Keywords: Big bubble, deep anterior lamellar keratoplasty, descemet's membrane perforation, penetrating keratoplasty
|How to cite this article:|
Ziaei M, Ormonde SE. Descemet's membrane macroperforation during interface irrigation in big bubble deep anterior lamellar keratoplasty. Oman J Ophthalmol 2017;10:241-3
|How to cite this URL:|
Ziaei M, Ormonde SE. Descemet's membrane macroperforation during interface irrigation in big bubble deep anterior lamellar keratoplasty. Oman J Ophthalmol [serial online] 2017 [cited 2021 Mar 6];10:241-3. Available from: https://www.ojoonline.org/text.asp?2017/10/3/241/216013
| Introduction|| |
Deep anterior lamellar keratoplasty (DALK) is a technique used to treat a variety of corneal stromal pathologies such as keratoconus, scars, dystrophies, and degenerations and is thought to be the gold standard approach for anterior corneal pathology in eyes with a healthy endothelium.
| Case Report|| |
A 42-year-old woman was seen in clinic with advanced right keratoconus and best-corrected visual acuities (VA) of 20/400 in the right eye and 20/20 in the left eye with a manifest refraction of +5.50 −8.00 × 65 in the right eye and +3.50 −1.25 × 80 in the left eye. Orbscan topography (Bausch and Lomb Inc., Rochester, NY, USA), could not capture any images of the right eye due to the advanced nature of the disease but the apical thickness was found to be 438 μm in the left eye. There was no history of acute hydrops nor did the patient have any other past ocular or medical history of note.

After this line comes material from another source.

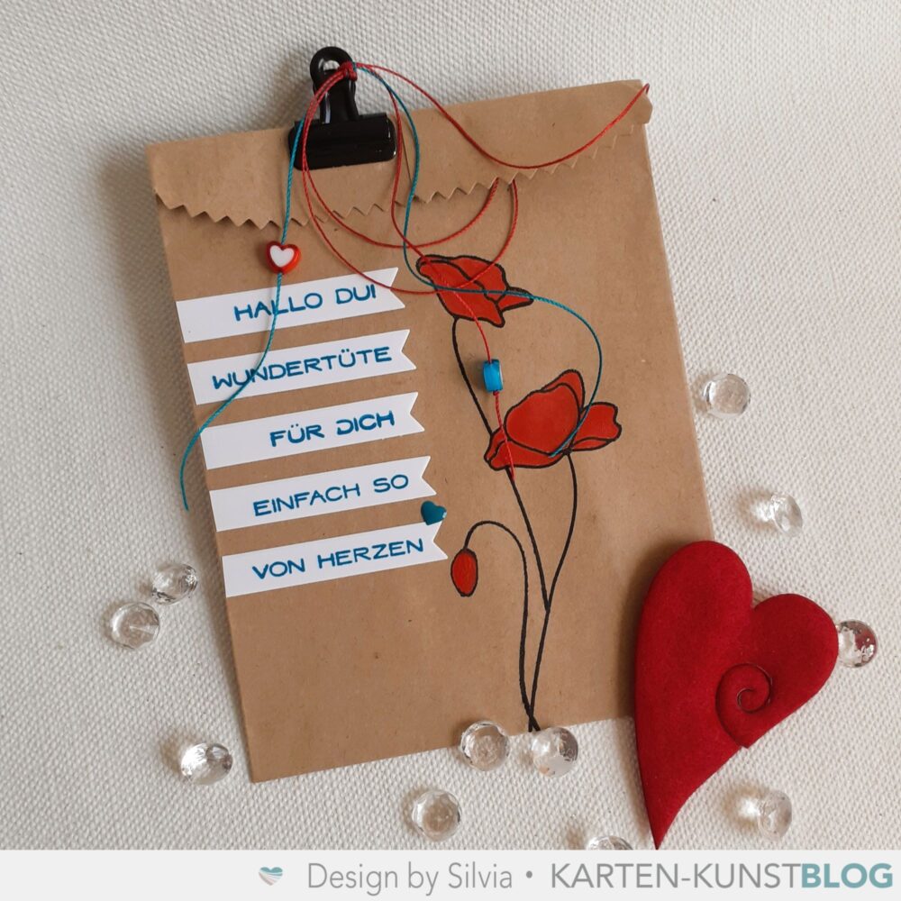 Genutzt habe ich die Skizze diesmal nicht für eine Karte, sondern für eine kleine Wundertüte und dafür folgendes verwendet:
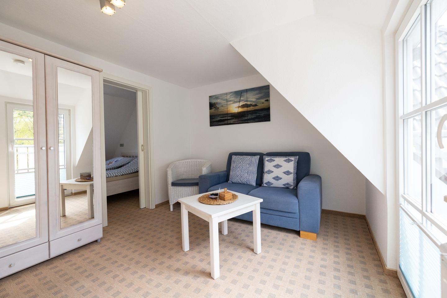 Die Wohnung verfügt über 1 Wohnraum mit WLAN, Sat-TV, 1 Küche, 1 Schlafzimmer, 1 Badezimmer mit Dusche und WC; ein Süd-Balkon mit Gartenmöbeln (April bis Oktober). Eigener PKW-Stellplatz am Haus.

Because of the severity of keratoconus, the patient was unable to wear a contact lens. After discussing treatment options, risks, benefits, and alternatives, the patient elected to undergo corneal transplantation.
The procedure was performed under general anesthesia. An 8.00 mm Hessburg Barron (JedMed Instrument Co., St. Louis, MO) suction trephine was used for partial thickness trephination of the host cornea up to an approximate depth of 60%. A 27-G disposable needle bent at 90° was advanced in the paracentral stroma, and 1.0cc of air was injected into the corneal stromal tissue resulting in the formation of Type 2 big bubble (BB) [Figure 1]a. A small bubble of air was injected into the anterior chamber to confirm the formation of the BB [Figure 1]b. After a small opening was made, Vannas' scissor was used to divide the stromal tissue into four quadrants, and each quadrant was excised baring descemet's membrane (DM) completely [Figure 1]c. After complete excision of stromal tissue, interface irrigation was carried out to remove all remaining viscoelastic material from the interface [Figure 1]d. During irrigation a macroperforation of DM occurred and the procedure was converted to penetrating keratoplasty.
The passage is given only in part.